Work to be completed — Only the lines from the one containing "Waterproof: The tattoos" through the last line below belong in your copy; transcribe them exactly and omit any pictures.

Input for this task —
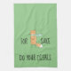 Versatile and funny quote usually attributed to MOM but just as useful for roommates or coworkers. Hand drawn whimsical fox in scarf illustration with " for fox sake - do your dishes" text in modern casual font on green background
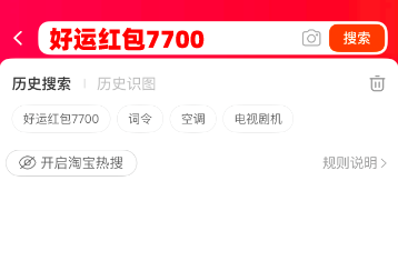 每天都可以通过红包口令领取一次,下次领取只需要再次打开手机淘宝或天猫APP,点击搜索框,找到历史搜索记录里的红包领取口令【 好运红包7700 】,搜索进入2025年淘宝天猫618官方活动红包领取入口,就有机会得最高25888元超级红包,叠加618官方立减、补贴券、88VIP会员、优惠券等优惠力度会更大。
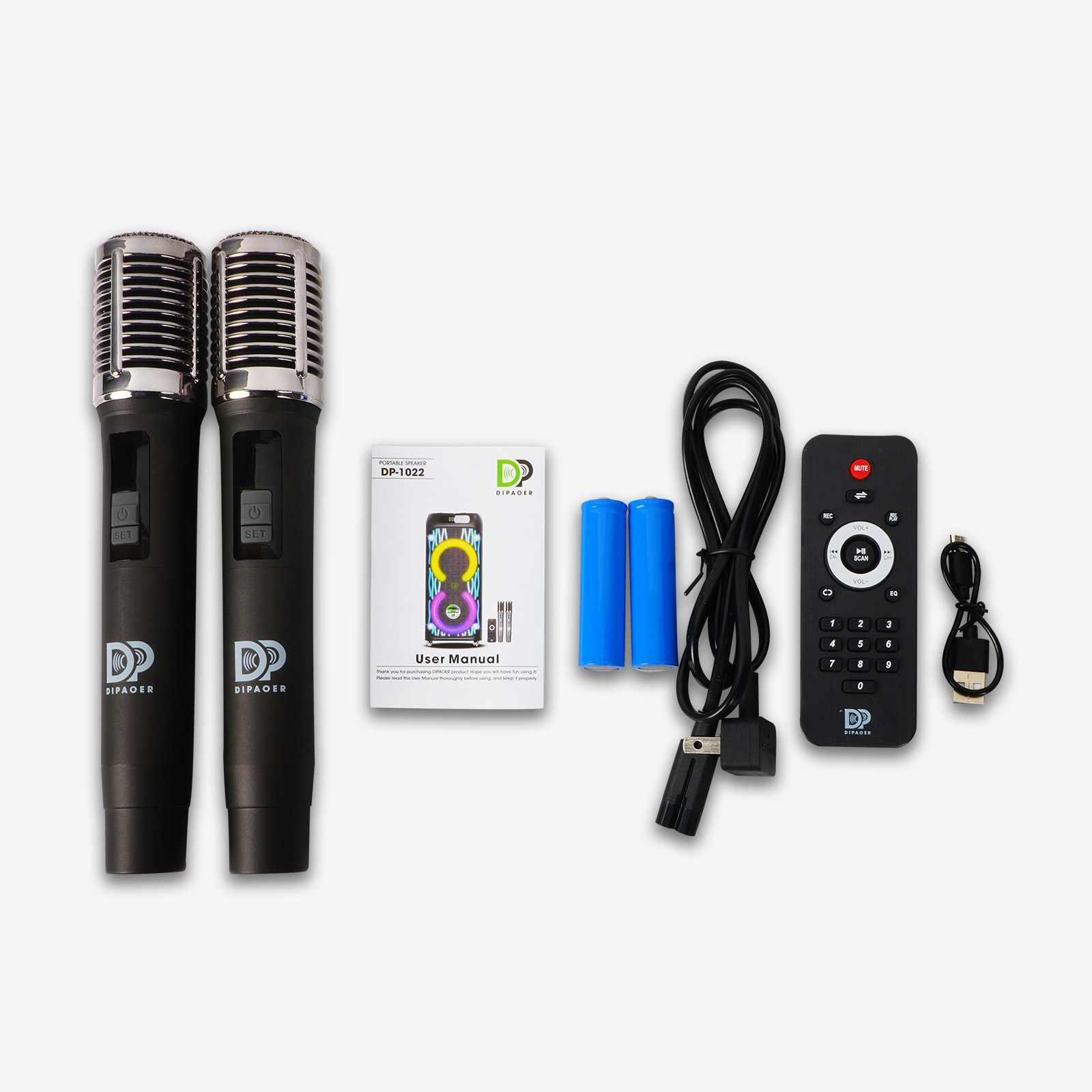 附赠两支可充电无线麦克风,内置18650锂电池。
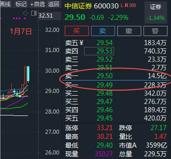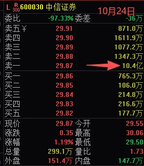 尾盘,中信证券、国泰君安等龙头被巨量卖单精准压制,股价被按在-1%附近。
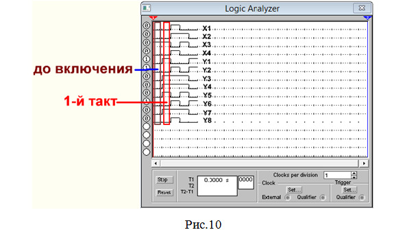 12. Сравниваем показания логического анализатора (рис.10) с построенной временной диаграммой (рис.5) при выполнении предварительного задания и делаем вывод: в рассмотренных 4-х тактах схема работает правильно.
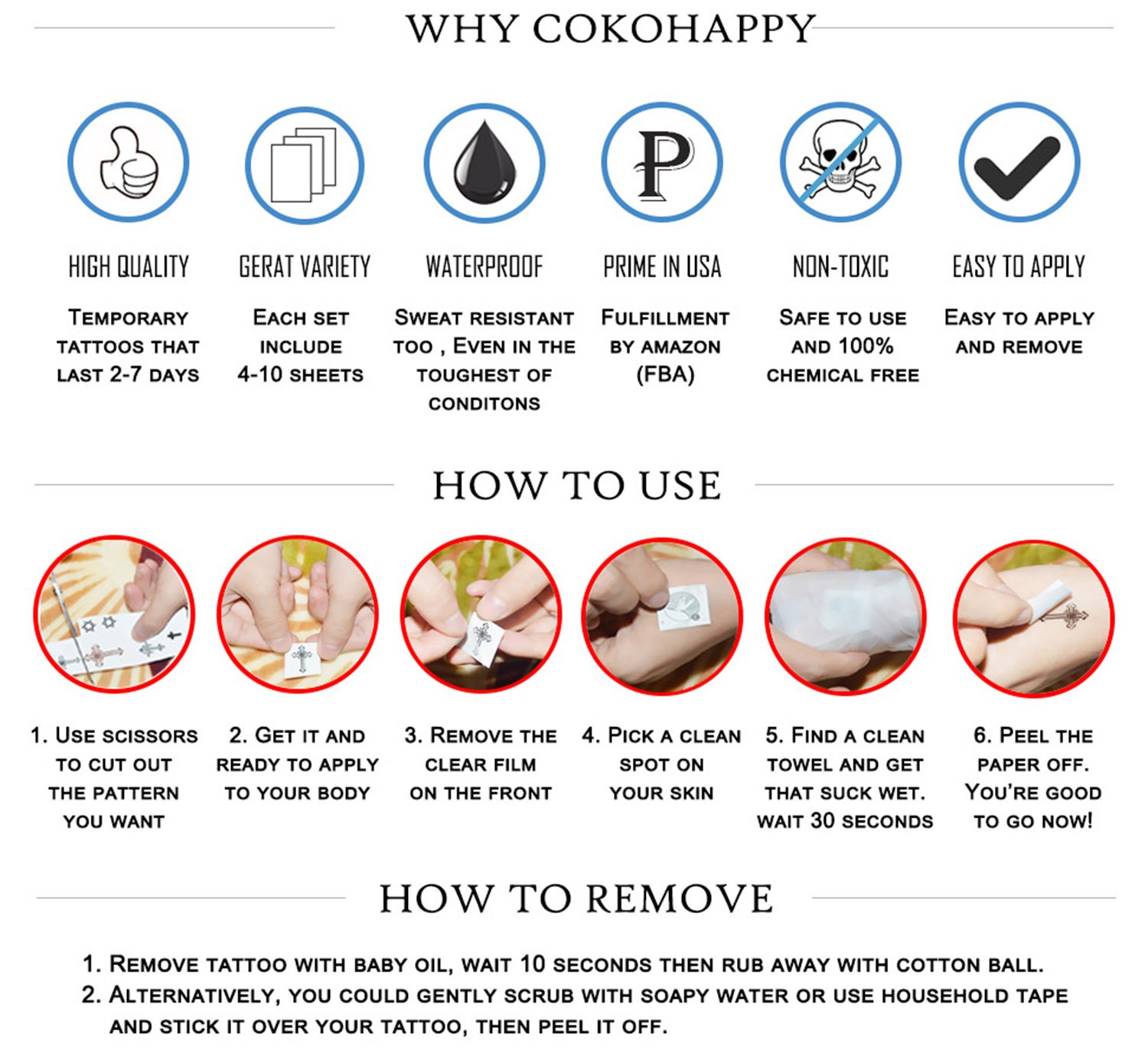 Waterproof: The tattoos are waterproof and can be used for swimming and showering
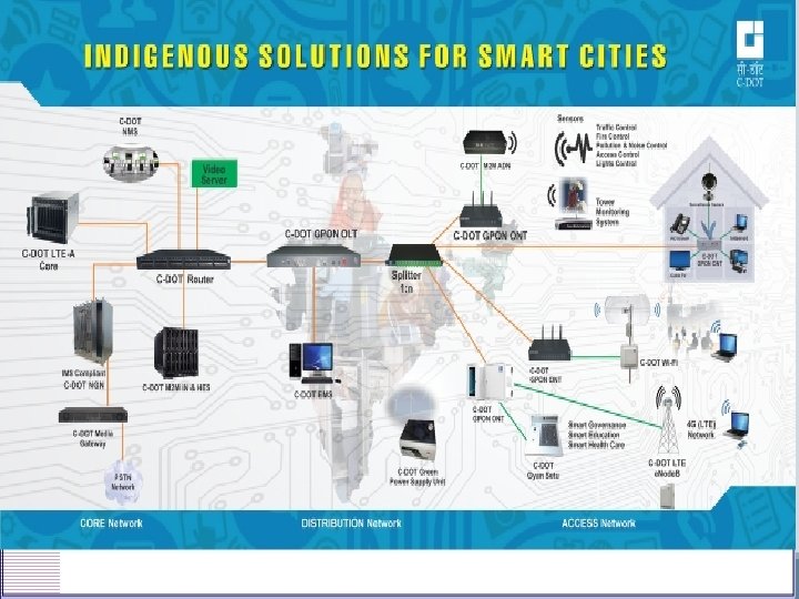 Home Grown Networks Building Blocks from R&D of C-DOT Routing & Switching Optical Transport Wireless Applications & Services Aggregators DWDM Broadband Wireless Terminal NMS Terabit Routers GPON LTE e. Node. B IMS/NGN/ IPPBX Multi-Terabit Routers Suteevra 100 G SAMVAD M 2 M Platform Gyan Setu

Reply —
 Waterproof: The tattoos are waterproof and can be used for swimming and showering
 Home Grown Networks Building Blocks from R&D of C-DOT Routing & Switching Optical Transport Wireless Applications & Services Aggregators DWDM Broadband Wireless Terminal NMS Terabit Routers GPON LTE e. Node. B IMS/NGN/ IPPBX Multi-Terabit Routers Suteevra 100 G SAMVAD M 2 M Platform Gyan Setu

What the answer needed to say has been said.